Но однажды Макс снова пришел к ней. Сам на себя не похож: восторженный, светлый какой-то!
- Обиде-то каюк! – сообщил он с порога.
- Как так? – ахнула Ариша, - Да неужто?
- Я с отцом помирился!
- Вот молодец! – обрадовалась Ариша.
- Да как все вышло-то: Обида все планы свои какие-то строил, меня подзуживал с отцом разобраться; я напился да и пошел. В кармане заточка, злой, как пес… Нашел, где живет, поднялся к нему… А он, оказывается, за день до этого на машине разбился – покалечился сильно, весь в гипсе, сотрясение тяжелое, все дела… Как увидел я его такого… Всего не скажу, но поплакали всласть – оба. Много чего рассказал он мне, прощения попросил. Ну, и простил я его – как не простить, отец ведь… А Обиду, говорят, менты замели – в тот же день! Только какие менты – он же моя обида просто, я-то знаю!

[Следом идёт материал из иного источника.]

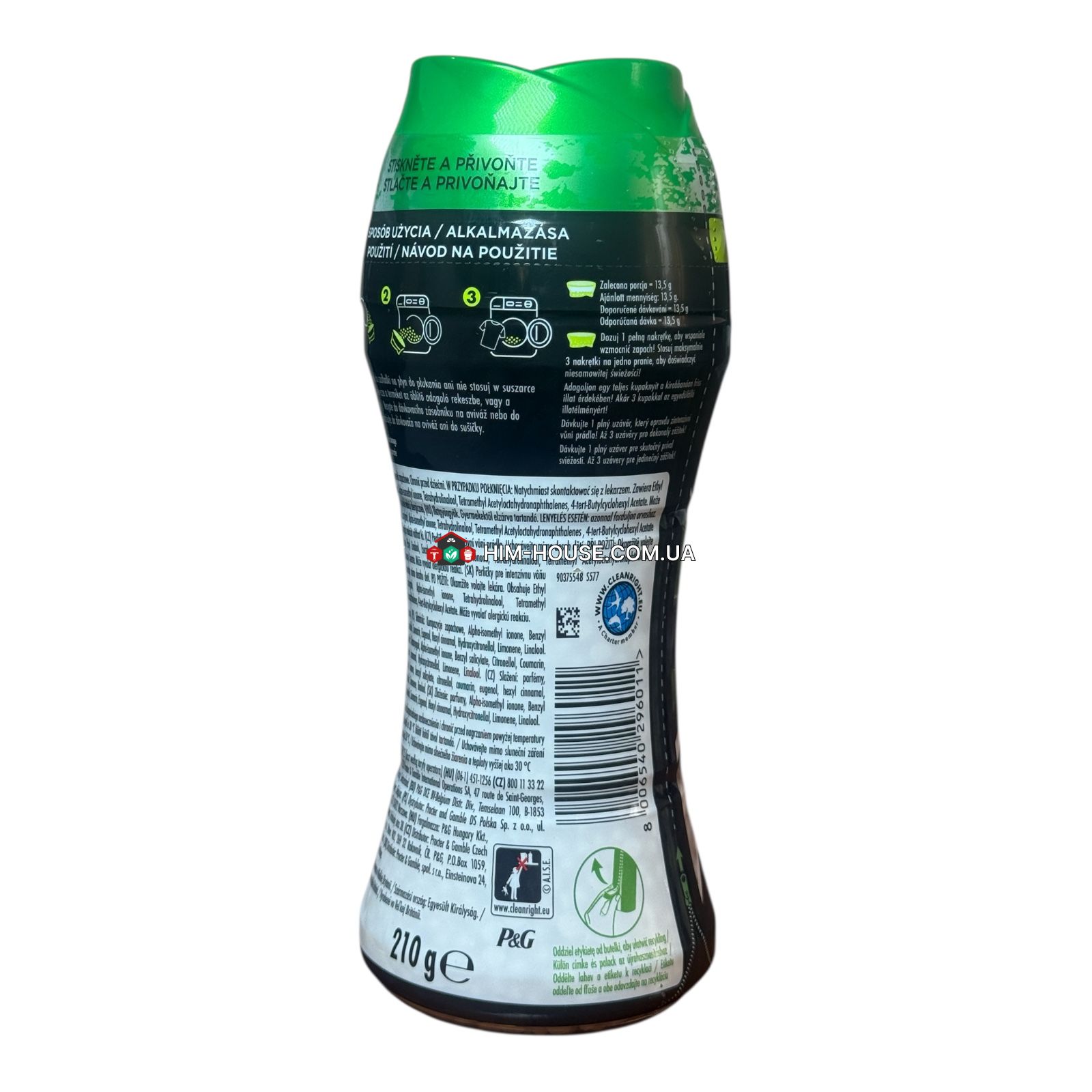 Детальний опис: Ароматизатор у гранулах Lenor Ariel, 210 г Ароматизатор Lenor забезпечує до 12 тижнів підвищеної свіжості (під час зберігання). Гранули мають концентрованіший аромат, ніж звичайні рідкі ополіскувачі та нейтралізують найстійкіші запахи, зокрема поту, тютюнового диму тощо. Сучасна варіація класичних ароматів із білих квітів із тим же ароматом, що й усім відомий мийний засіб Ariel. Призначені для прання тканин із натуральних, штучних і синтетичних волокон. М'які гранули підходять для всіх видів одягу, особливо для спортивної, рушників, постільної білизни. Застосовується для всіх типів пральних машин та для ручного прання. Спосіб застосування: Наповніть ковпачок бажаною кількістю гранул і додайте в білизну. Пральний засіб і кондиціонер для білизни відміряйте як зазвичай. Ароматизатор починає працювати з початком прання, повільно проникаючи у волокна тканини. Заповніть всю кришку гранулами для дуже інтенсивного аромату! Не рекомендується використовувати більшу кількість засобу.
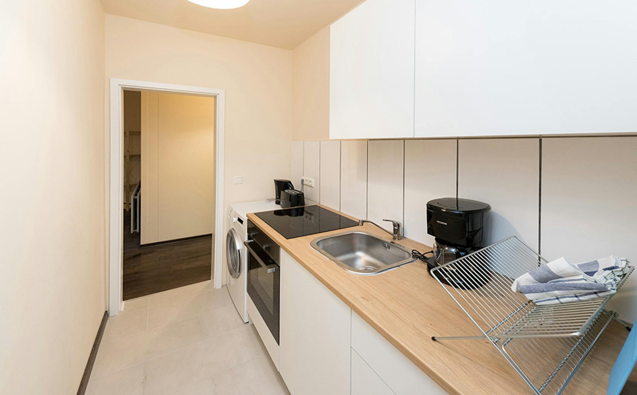 Our flats fulfil all your daily living requirements. Every flat comes readily equipped with a kitchen, including refrigerator, cooking equipment and dishes. Flats also include a washing machine and Wi-Fi Internet. Each room is fully furnished and offers a comfortable bed with fresh linen and a workspace. The area provides you with several shopping opportunities and excellent connections to public transport.
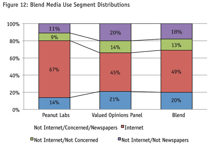 Figure 12 shows the results for the media usage segments with the same conclusions. The differences between the blend and the host are minor compared to that against the total for Peanut Labs. It is this similarity of characteristics that allows for the blend to be used as an extension of the original panel without major concern regarding consistency. The blend and Peanut Labs samples continued to be significantly different.
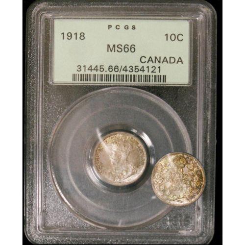 1918 10¢ PCGS MS66, A gem George V example
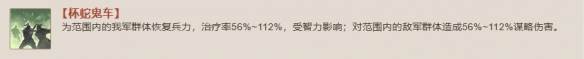 为范围内的我军群体恢复兵力,治疗率56%~112%,受智力影响;对范围内的敌军群体造成56%~112%谋略伤害。
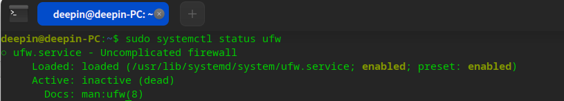 管理员身份执行systemctl status ufw查看ufw运行状态。
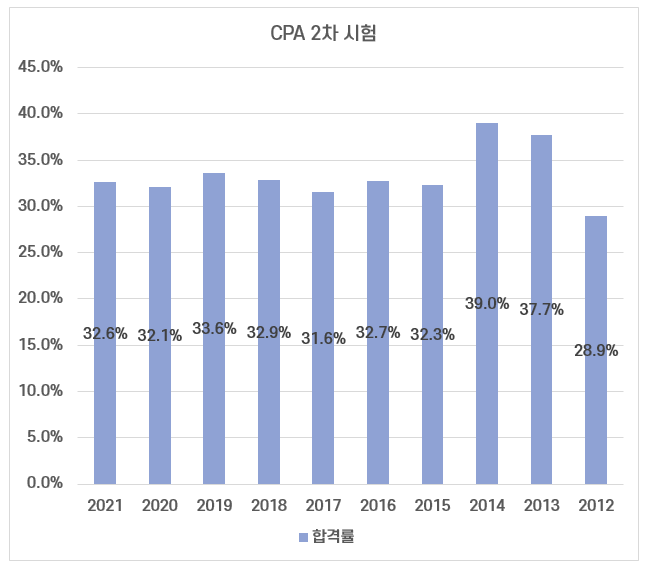 공인회계사 2차 시험의 평균 합격률은 30% 정도로 1차 합격률보다는 높지만 어려운 1차 시험에 합격하고도 3명 중에 2명이 불합격해 자격증을 취득하지 못합니다.
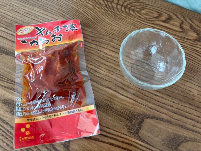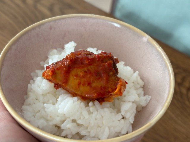 開封前にほぐしてという表示を完全に見逃し、そのままお皿へ。塊のまま、いただいてみたが、おいしい! にんにくが結構きいていて、かつおの旨味やキムチの辛味といいバランス。
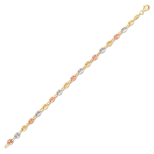 14K Tri-color Gold Puffed Mariner Link Chain Bracelet
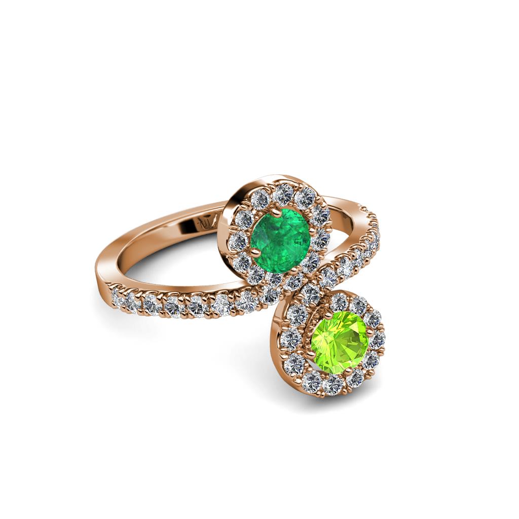 Peridot and Emerald 2 Stone with Side Diamonds Womens Bypass Engagement Ring 1.26 ctw 14K Rose Gold More Details ...
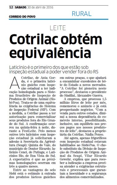30/04/2016 – CP: Cotrilac obtém equivalência
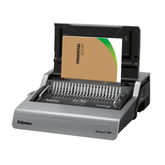 Výkonné zariadenie s elektrickým dierovaním a jednoduchou obsluhou vhodné do kancelárii s častým viazaním dokumentov. Súčasne predieruje do 25 listov papiera A4 80 g. Zviaže až do 500 listov 80 g papiera (priemer hrebeňa 6 až 51 mm). Hmotnosť zariadenia 13,5 kg. Súčasťou balenia sú hrebene a obálky na zviazanie 20 dokumentov.
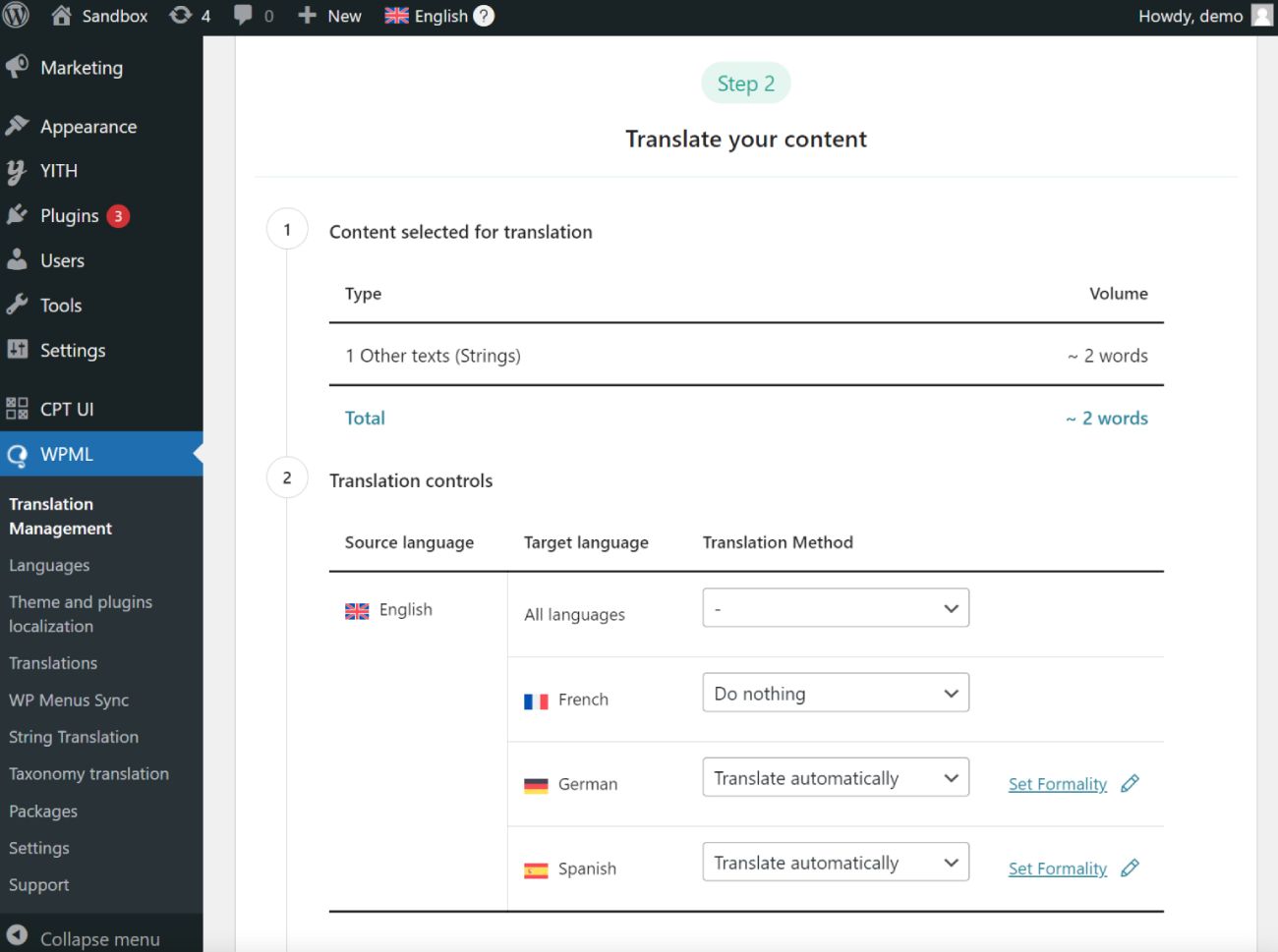 Once you select all your strings, the next step is to choose your translation method. To get the best translations, we recommend translating automatically using WPML’s most accurate AI translator – Private Translation Cloud (PTC).
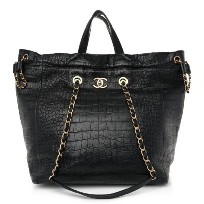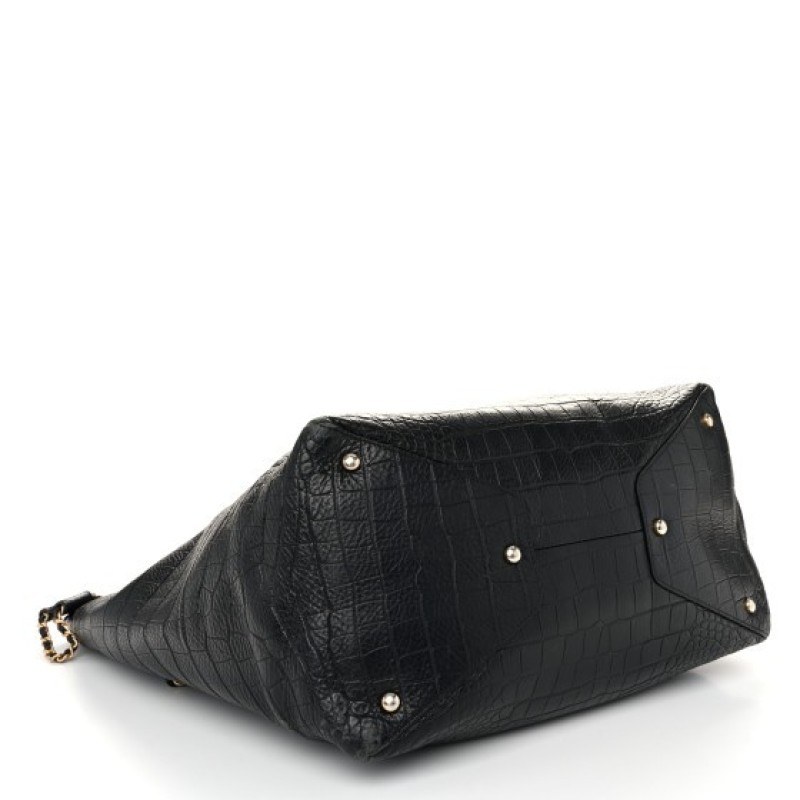 Chanel Calfskin Crocodile Embossed Large Cocodile Shopping Tote Black
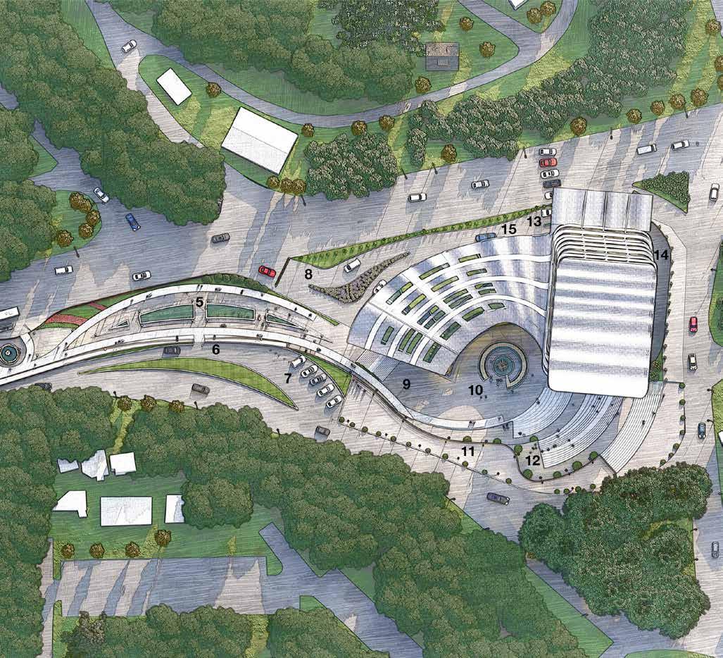Das architektonische Konzept des Rampenmuseums zielt darauf ab, einen funktionalen und visuell ansprechenden Raum zu schaffen, der das Besuchererlebnis steigert. Der Entwurf sieht eine Reihe von Rampen vor, die als dynamisches Erschließungssystem dienen und die Exponate auf eine einzigartige und ansprechende Weise miteinander verbinden.
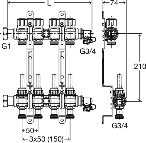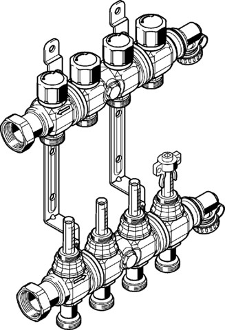 Rozdzielacz do ogrzewania podłogowego VIEGA 1010 12-obieg. stal nierdzewna gw DN 25 x gw 1'' + przepływomierz + zawór przy przyłączu
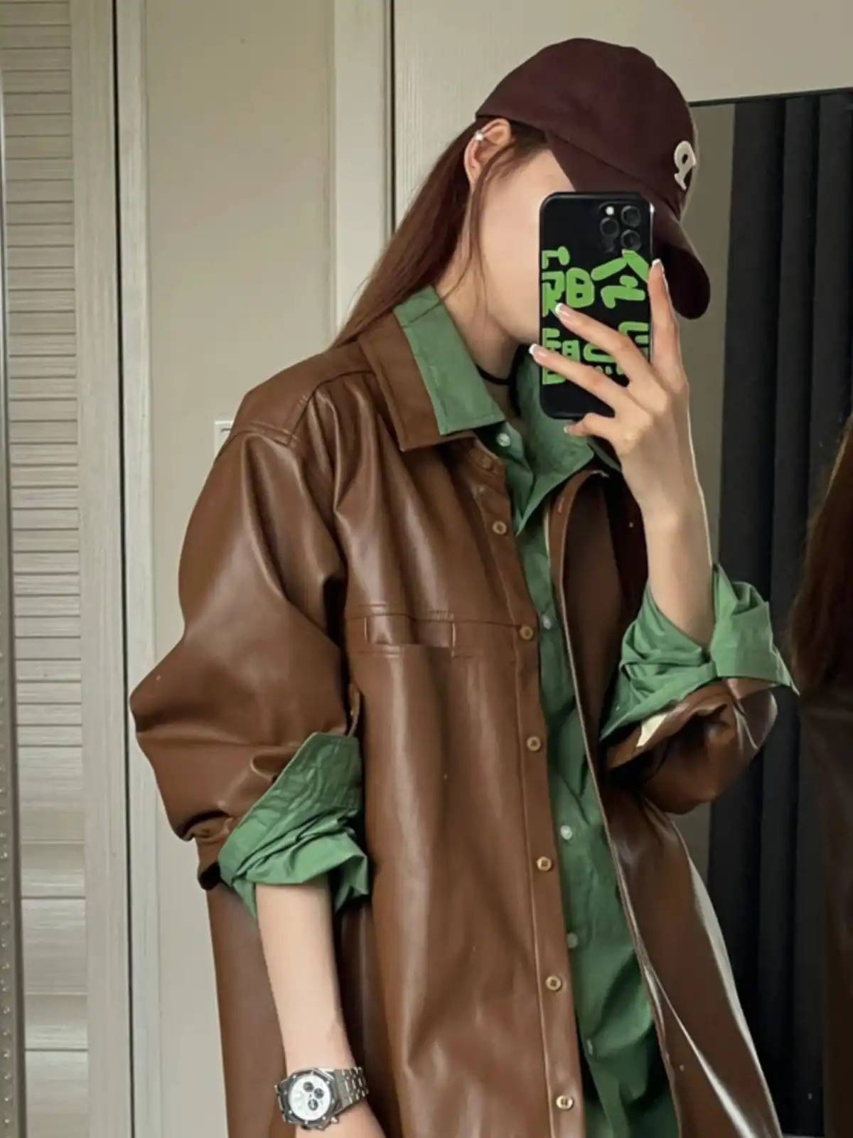 但是,也不是说棕色皮衣就完全不能搭配鲜艳的颜色。如果真的想提亮,可以选择小面积的亮色点缀,如一条亮色的丝巾或包包,或者将这些亮色用于小面积的内搭,并用中性色隔开,如白色、牛仔蓝等。
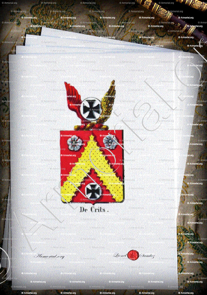Famiglia DE CRITS - Blasone DE CRITS - Stemma DE CRITS - Stemma di famiglia DE CRITS - Lo stemma araldico della famiglia DE CRITS - Lo stemma di DE CRITS - Araldica e stemma DE CRITS - Registro Araldico DE CRITS - Stemmario DE CRITS - Registro Genealogico DE CRITS - Sigillo DE CRITS - Archivio DE CRITS - Genealogia DE CRITS - Albero genealogico DE CRITS - Araldica DE CRITS - Origine DE CRITS - In Storia DE CRITS - DE CRITS nella nobiltà.
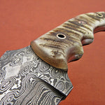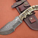 Experience precision and durability with the Custom Handcrafted Damascus Steel Tom Brown Tracker Knife. This expertly crafted Tracker Knife features a 9.5-inch Damascus Steel blade renowned for its exceptional sharpness and resilience. The handle is made from premium mountain sheep horn, offering a distinctive and comfortable grip. With a Rockwell Hardness of 55-58 HRC, this knife ensures top-notch edge retention and strength. It comes with a horizontal leather sheath for secure and practical carrying. Perfect for survival, camping, and tactical applications, this Tracker Knife from KBS Knives combines functionality with elegance, making it a must-have for outdoor enthusiasts and combat professionals.
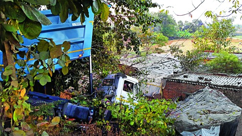 Ranchi: A brand new dumper ploughed into a slum at Namkum, around 10km from here, damaging at least two semi-pucca houses and a water pipeline around 5pm on Monday. Luckily, nobody was hurt in the accident.
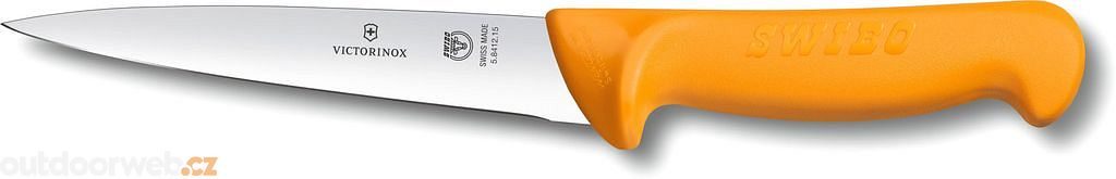 Nůž z kolekce Swibo od Victorinoxu s 15cm čepelí a žlutou polypropylénovou rukojetí.
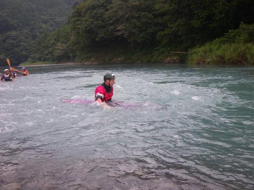 Big Rock - Ryan in the staging eddy at 1410cfs. You can see the lower part of the seam here too.
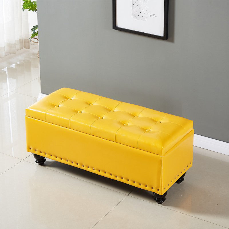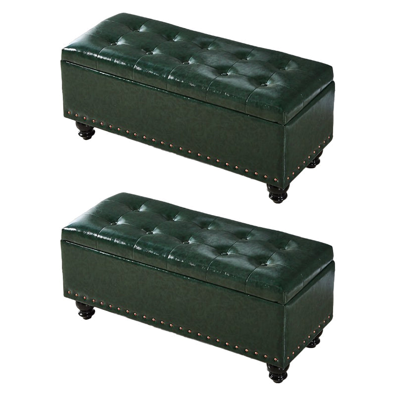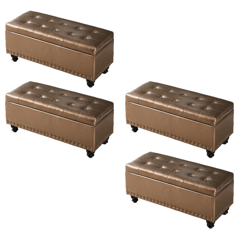Contemporary Pouf Ottoman PU Leather Nailhead Trim Tufted Square Ottoman with Storage
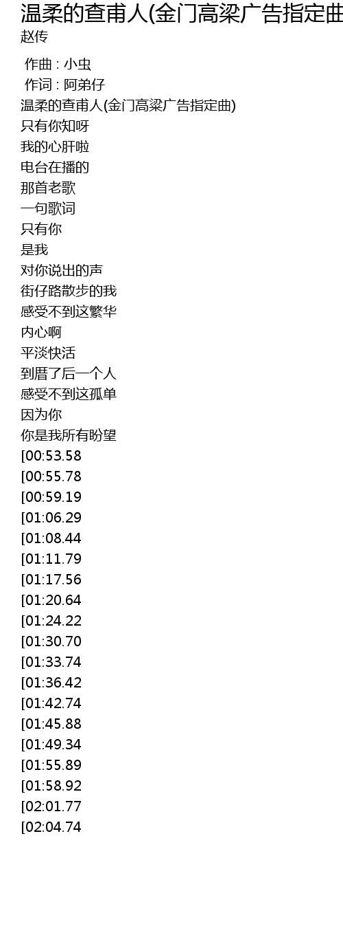 | [00:00.00] | 温柔的查甫人(金门高粱广告指定曲) |

У Ариши в то время сидел Креп. Вышел, выслушал и говорит:
- Что ж, не одно только говно умеет плавать! Или, если цитировать Толкиена точнее: «Зло не правит миром безраздельно…»
Так и закончилась эта странная история – для Макса, во всяком случае.
Но и у Ариши еще все впереди: ведь это просто отчаяние говорило в ней, когда плакала она по своей душе загубленной да жизни опустошенной - сама же сказала: «Есть душа-метафора, и есть душа – душа».